Haemodynamic parameters were comparable in all three groups at all time points. These results were contradictory to findings of study done by Gamechu et al[5] where the authors found that intraoperative hemodynamic parameters had a statistically significant difference in both groups after 20 min with a p-value of less than 0.001 in MAP. The similar results to present study were found by Askari et al[13], with no significant haemodynamic differences among study groups. It may be due to use of room temperature iv fluids and similar operation theatre temperature for all the participants.
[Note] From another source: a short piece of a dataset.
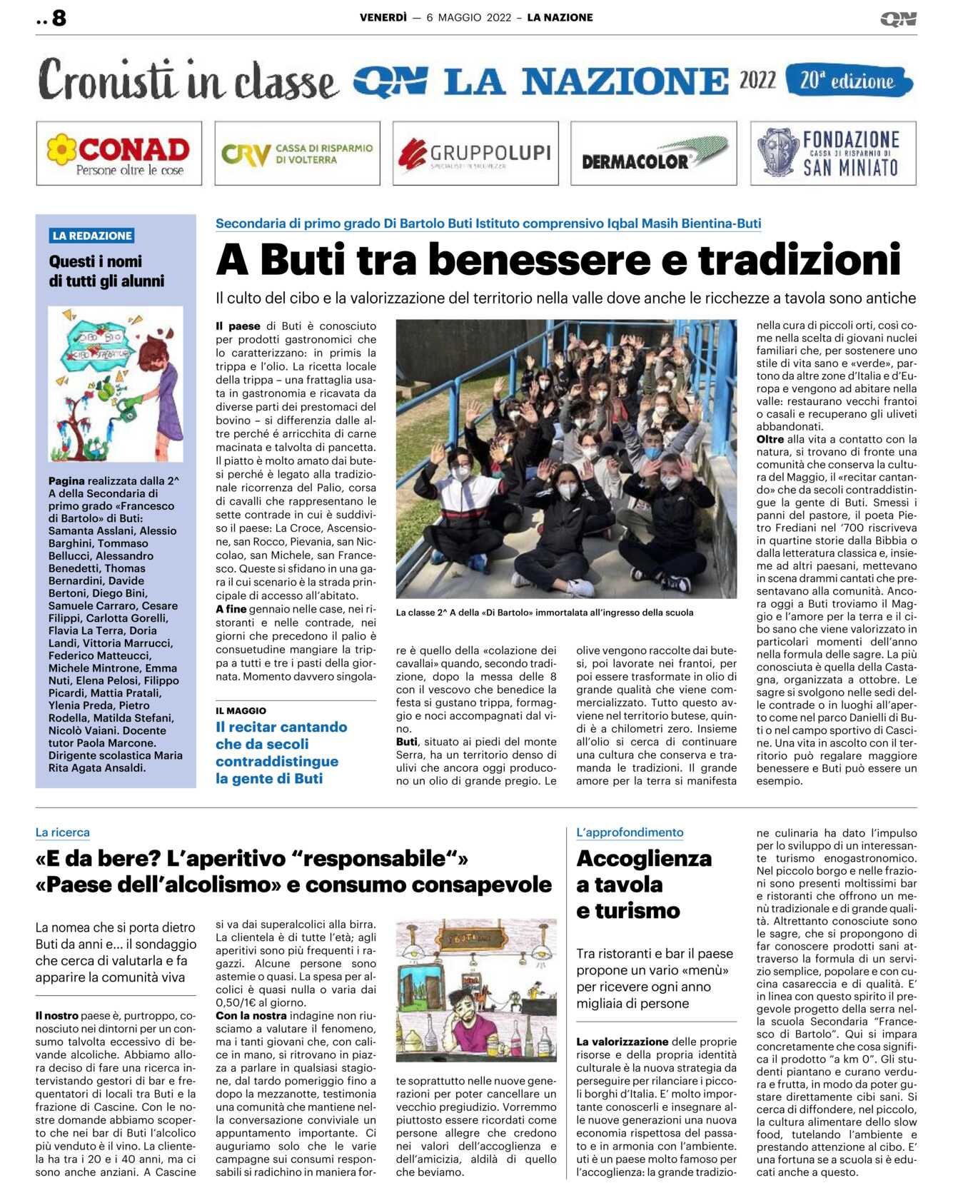 Oltre alla vita a contatto con la natura, si trovano di fronte una comunità che conserva la cultura del Maggio, il «recitar cantando» che da secoli contraddistingue la gente di Buti. Smessi i panni del pastore, il poeta Pietro Frediani nel ‘700 riscriveva in quartine storie dalla Bibbia o dalla letteratura classica e, insieme ad altri paesani, mettevano in scena drammi cantati che presentavano alla comunità. Ancora oggi a Buti troviamo il Maggio e l’amore per la terra e il cibo sano che viene valorizzato in particolari momenti dell’anno nella formula delle sagre. La più conosciuta è quella della Castagna, organizzata a ottobre. Le sagre si svolgono nelle sedi delle contrade o in luoghi all’aperto come nel parco Danielli di Buti o nel campo sportivo di Cascine. Una vita in ascolto con il territorio può regalare maggiore benessere e Buti può essere un esempio.

Nausea and vomiting was recorded only in tramadol group where 6 patients(20%) experienced nausea and 2 patients (6.7%) had vomiting episode. None of the patients in placebo and ketamine group experienced nausea or vomiting. This finding was similar to results of study by Gamechu et al[5] where tramadol group had maximum incidence of nausea and vomiting. Another study by Sangi S et al[14] showed the similar results where authors found that Ketamine was associated with a lower incidence of nausea, vomiting, and bradycardia but a higher incidence of hallucinations compared to tramadol.
The present study concluded that both Tramadol and Ketamine are effective to prevent post-spinal shivering in patients undergoing TURP. Tramadol is superior agent as prophylaxis against postspinal shivering when compared with 0.25mg/Kg Ketamine without any psychomimetic side effects. However, IV tramadol is also associated with side effects like nausea and vomiting. Furthur studies are required to establish the findings of present study.